Her mother has given her daughter the best of everything she could, has sent her to school, university, to study abroad in Germany. She is immensely proud of her, and has her graduation photo on the wall of her home, displayed in pride of place. Their relationship is one of such evidenced love, that is becomes unthinkable that they have never spoken about something so important in both their lives for 20 years. And in showing the impossibility of such a conversation even in the loving heart of their relationship, the power of the taboo is communicated to the audience in a very real way. These experiences around FGM may never have been yours as a viewer, but watching Mami struggle to speak to her mother, you feel the words being choked in your own throat, you understand how unsayable it all seems.

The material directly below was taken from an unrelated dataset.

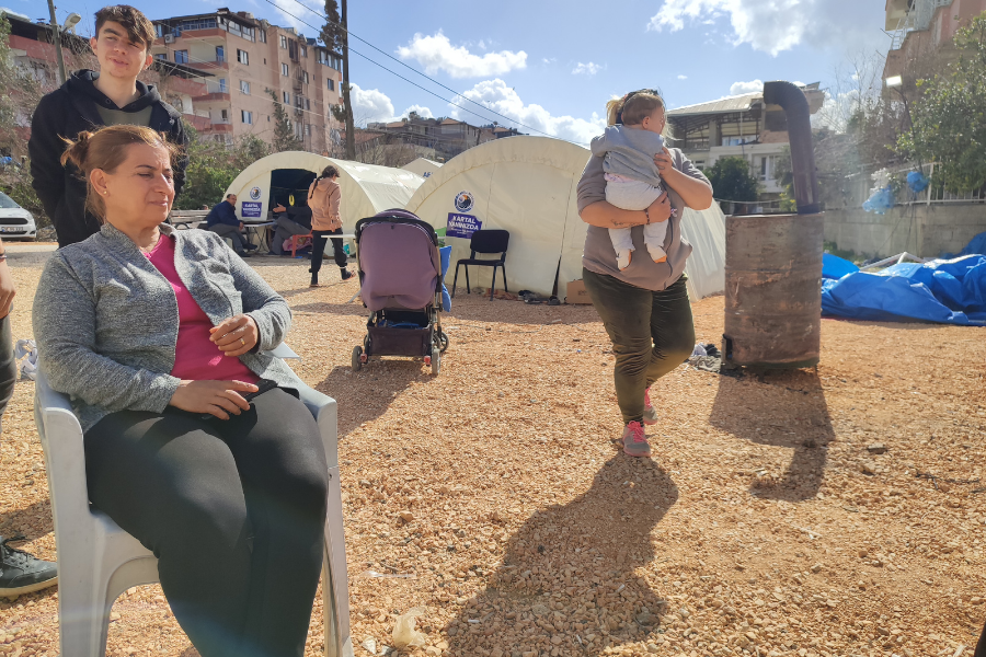 Sevgi Yeşiloğlu, evinin yanına kurduğu çadırda ailesi ile birlikte yaşıyor. Maddi ve manevi olarak depremden olumsuz etkilendiğini anlatan Yeşiloğlu, “Sözün bittiği yerdeyiz, çok üzülüyoruz. Kimi akrabamız bulunmuyor. Sabretmekten başka çaremiz yok. İnşallah gün gelecek Antakyamızı kadınlarımız, erkeklerimizle yeniden kuracağız” diyor. Yeşiloğlu, “Evimiz yıkılmadı ama içine girilmez halde. Dışarıda kalıyoruz. Çok berbat haldeyiz. Günümüz stresle geçiyor. Sağ olsunlar yemek getiriliyor ama kendimiz de yemek yapıyoruz. Çok şükür kahvemizi yapıyoruz. Ama yiyemiyoruz ki, ayakta kalacak kadar yiyoruz. İstediğin temizliği yapamıyoruz. Suyumuzu bahçede ısıtıyoruz, duşumuzu da alıyoruz, yemeğimizi de yiyoruz ama istediğimiz gibi olmuyor” diyor.

And for me, their mother-daughter relationship is the heart of the film. As the filmmaker travels the world, talking to different women about their experiences, as she speaks to doctors about advancements in reconstruction surgery – always waiting in the background is the conversation she is leaving undone with her mother.

One of my fears with a film on FGM is an anxiety about how graphic any descriptions of the actual physical procedure might get. Because the film is of FGM survivors telling their own stories, they are in control of how much they divulge, and because it is made by an FGM survivor, no attempt is made to dwell upon lurid detail instead of survivor empowerment. When survivors describe their experience, much of the focus is not on the physicality of it, but of the sense of betrayal, the anger, the trauma, of being held down and not allowed to escape when they realised exactly what was happening to them, of the silence afterwards holding them down and feeling inescapable.

But every now and then, someone will say a word that you don’t want to hear, like remembering the sound of scissors, and your blood will run cold. Because all the survivors describe their stories so matter-of fact, and because there is story heaped upon story, you begin to think you have become acclimatised. And then halfway through the film, Mami sits down with the German lassie who is helping her make the film, and she shows Mami her pussy. “Oh!” Mami exclaims, “It’s like a rose! You have so many petals!” and then in a voice that breaks your heart, she says, “Mine doesn’t have any petals”. And I burst into tears.

It’s hard in a film to balance relaying what a terrible loss and violation this was and continues to be for so many women, with empowering survivors with a narrative where they are not defined or encompassed by the violence done to them, but this film does so, communicating experiences you may not have had yourself effectively and powerfully, in a way that shows women speaking up is always a revolutionary act, and showing when it happens on mass, it can bring down centuries-old violent and sexist tradition, it can free and save girls from a future of similar violence. A deeply moving film.